▸ Dataset records:
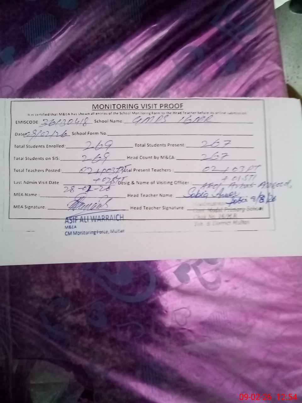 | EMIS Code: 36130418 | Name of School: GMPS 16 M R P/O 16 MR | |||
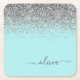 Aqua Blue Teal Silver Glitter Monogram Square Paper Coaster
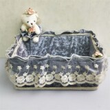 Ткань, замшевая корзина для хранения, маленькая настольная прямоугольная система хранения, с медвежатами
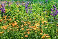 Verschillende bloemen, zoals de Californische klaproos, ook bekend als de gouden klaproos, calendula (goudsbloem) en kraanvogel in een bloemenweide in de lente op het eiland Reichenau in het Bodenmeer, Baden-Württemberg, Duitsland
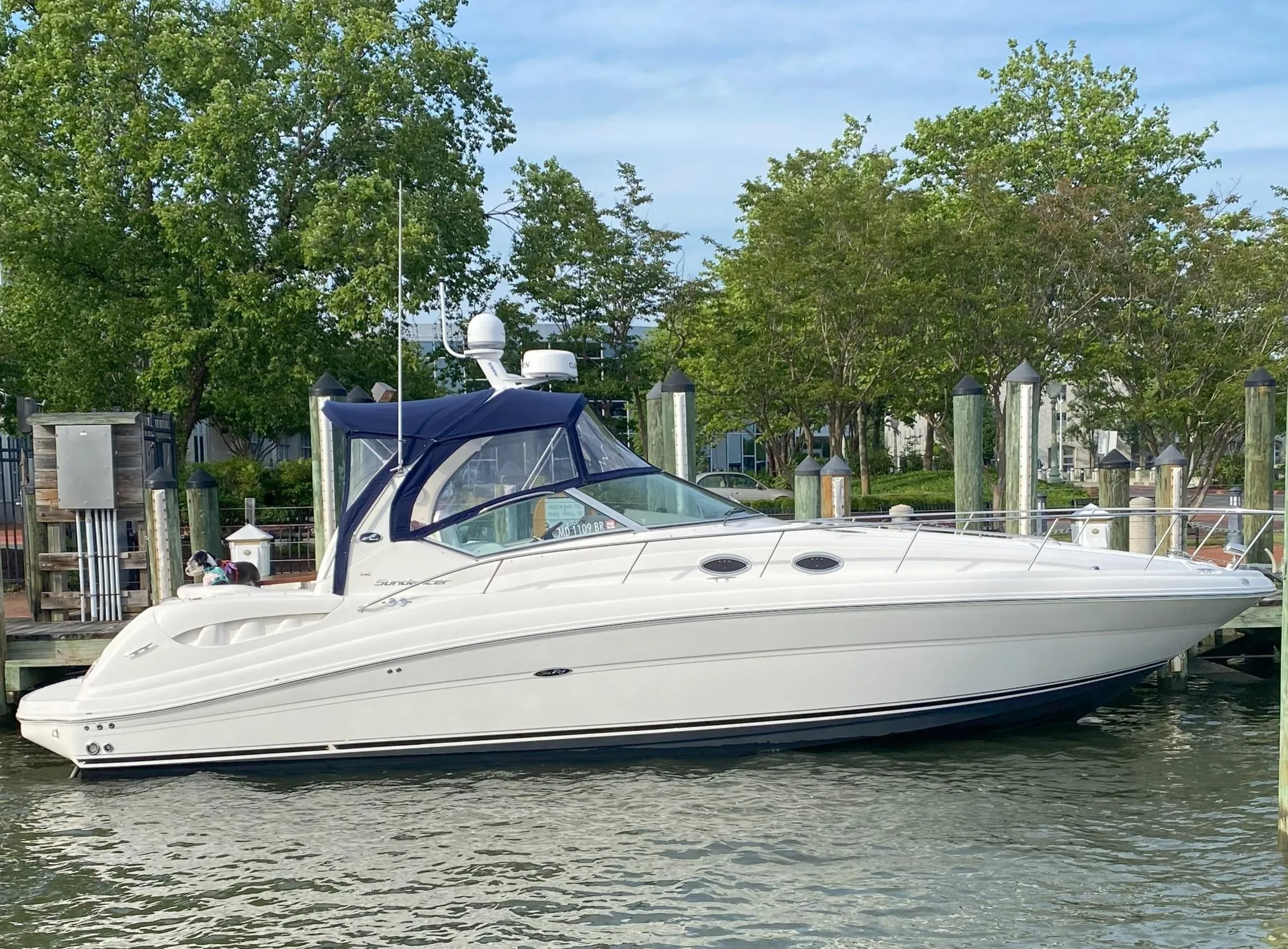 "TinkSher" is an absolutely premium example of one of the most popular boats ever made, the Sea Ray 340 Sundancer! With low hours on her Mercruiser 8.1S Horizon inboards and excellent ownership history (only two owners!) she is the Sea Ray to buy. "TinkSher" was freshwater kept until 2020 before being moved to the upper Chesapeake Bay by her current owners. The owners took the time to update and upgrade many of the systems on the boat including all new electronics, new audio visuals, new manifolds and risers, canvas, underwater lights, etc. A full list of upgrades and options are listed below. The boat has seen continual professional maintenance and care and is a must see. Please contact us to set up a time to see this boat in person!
---
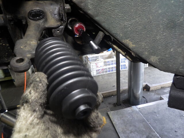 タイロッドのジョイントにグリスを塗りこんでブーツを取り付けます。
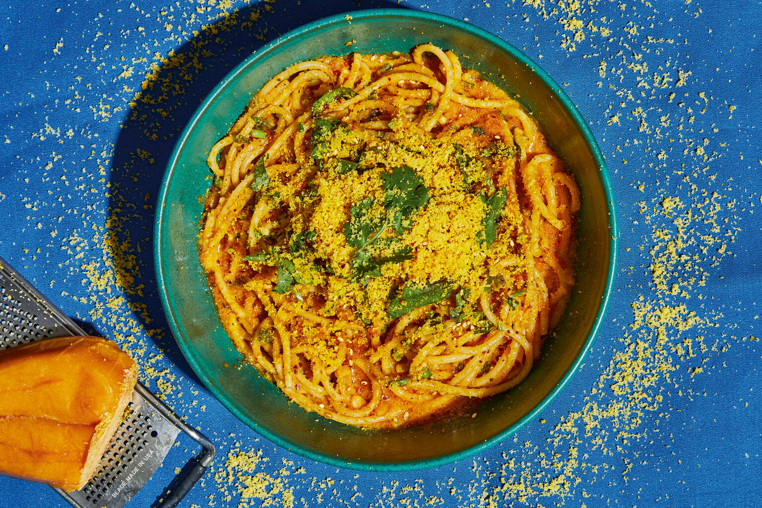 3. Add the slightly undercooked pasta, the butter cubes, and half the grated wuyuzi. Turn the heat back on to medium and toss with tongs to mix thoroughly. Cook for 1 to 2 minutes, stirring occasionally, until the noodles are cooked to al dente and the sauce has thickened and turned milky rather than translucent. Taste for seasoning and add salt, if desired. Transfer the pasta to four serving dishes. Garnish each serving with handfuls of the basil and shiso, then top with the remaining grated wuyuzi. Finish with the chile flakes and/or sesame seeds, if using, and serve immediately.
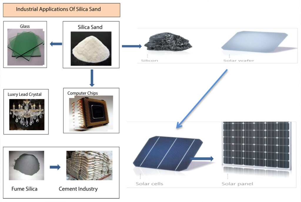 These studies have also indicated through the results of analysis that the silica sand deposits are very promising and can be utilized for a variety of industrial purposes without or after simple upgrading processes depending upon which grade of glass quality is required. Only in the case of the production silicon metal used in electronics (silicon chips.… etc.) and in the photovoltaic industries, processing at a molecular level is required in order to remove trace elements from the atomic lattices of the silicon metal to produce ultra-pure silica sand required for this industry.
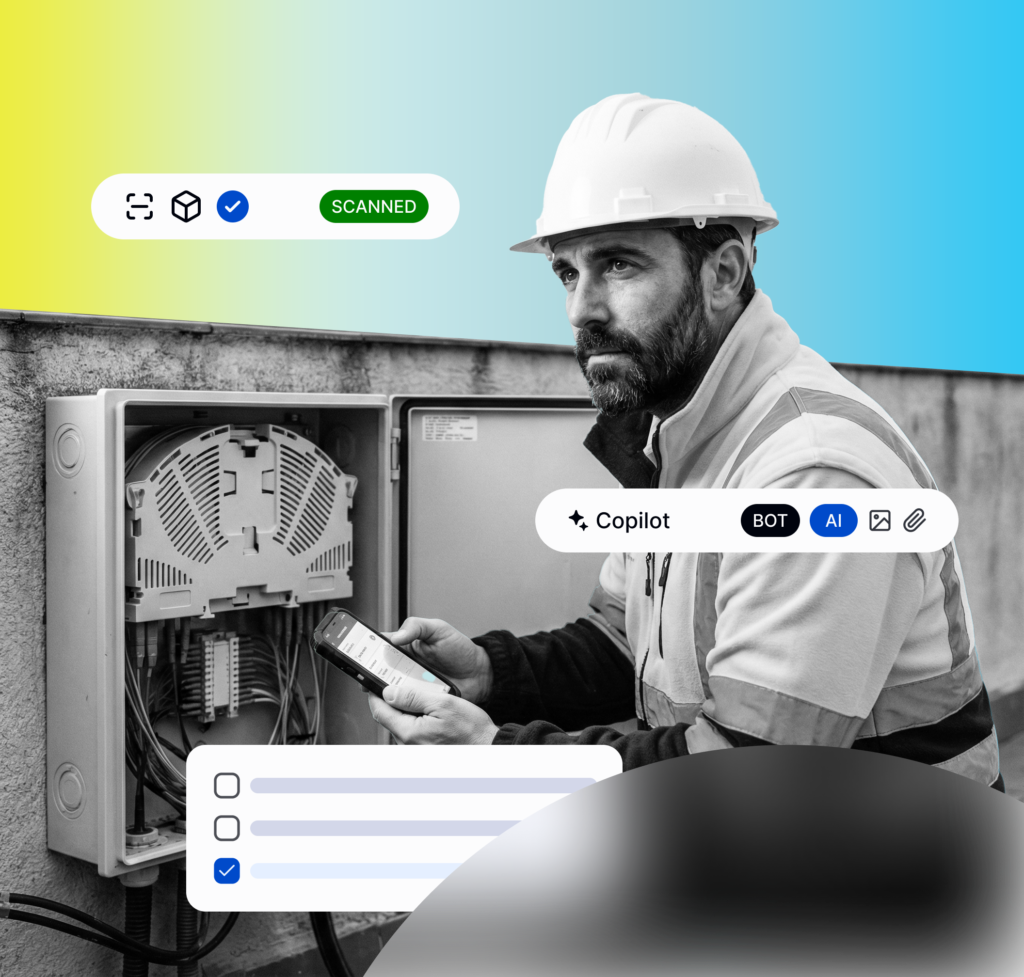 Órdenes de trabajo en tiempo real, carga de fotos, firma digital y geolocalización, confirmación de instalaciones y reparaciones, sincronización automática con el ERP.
--
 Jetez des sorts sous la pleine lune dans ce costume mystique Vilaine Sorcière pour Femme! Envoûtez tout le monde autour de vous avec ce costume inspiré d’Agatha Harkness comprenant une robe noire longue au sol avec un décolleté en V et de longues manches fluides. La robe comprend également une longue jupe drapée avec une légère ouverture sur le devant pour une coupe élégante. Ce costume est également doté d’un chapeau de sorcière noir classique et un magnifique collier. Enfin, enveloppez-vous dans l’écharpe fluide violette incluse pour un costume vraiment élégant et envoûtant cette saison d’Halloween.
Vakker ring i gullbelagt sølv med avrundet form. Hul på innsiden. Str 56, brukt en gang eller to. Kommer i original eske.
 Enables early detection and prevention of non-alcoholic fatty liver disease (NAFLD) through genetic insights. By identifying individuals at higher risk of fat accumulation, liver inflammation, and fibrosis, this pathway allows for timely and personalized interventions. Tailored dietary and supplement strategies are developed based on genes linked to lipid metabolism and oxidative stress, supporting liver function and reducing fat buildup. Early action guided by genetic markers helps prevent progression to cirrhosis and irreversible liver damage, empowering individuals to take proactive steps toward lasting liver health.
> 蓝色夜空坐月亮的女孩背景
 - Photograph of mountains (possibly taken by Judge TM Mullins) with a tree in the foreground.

▸ Exercise requirements:
Your answer should be the exact lines above from the one containing "Verschillende bloemen, zoals" through the one containing "boat in person!", with both end lines kept and the pictures removed, please.

▸ Response to this task:
 Verschillende bloemen, zoals de Californische klaproos, ook bekend als de gouden klaproos, calendula (goudsbloem) en kraanvogel in een bloemenweide in de lente op het eiland Reichenau in het Bodenmeer, Baden-Württemberg, Duitsland
 "TinkSher" is an absolutely premium example of one of the most popular boats ever made, the Sea Ray 340 Sundancer! With low hours on her Mercruiser 8.1S Horizon inboards and excellent ownership history (only two owners!) she is the Sea Ray to buy. "TinkSher" was freshwater kept until 2020 before being moved to the upper Chesapeake Bay by her current owners. The owners took the time to update and upgrade many of the systems on the boat including all new electronics, new audio visuals, new manifolds and risers, canvas, underwater lights, etc. A full list of upgrades and options are listed below. The boat has seen continual professional maintenance and care and is a must see. Please contact us to set up a time to see this boat in person!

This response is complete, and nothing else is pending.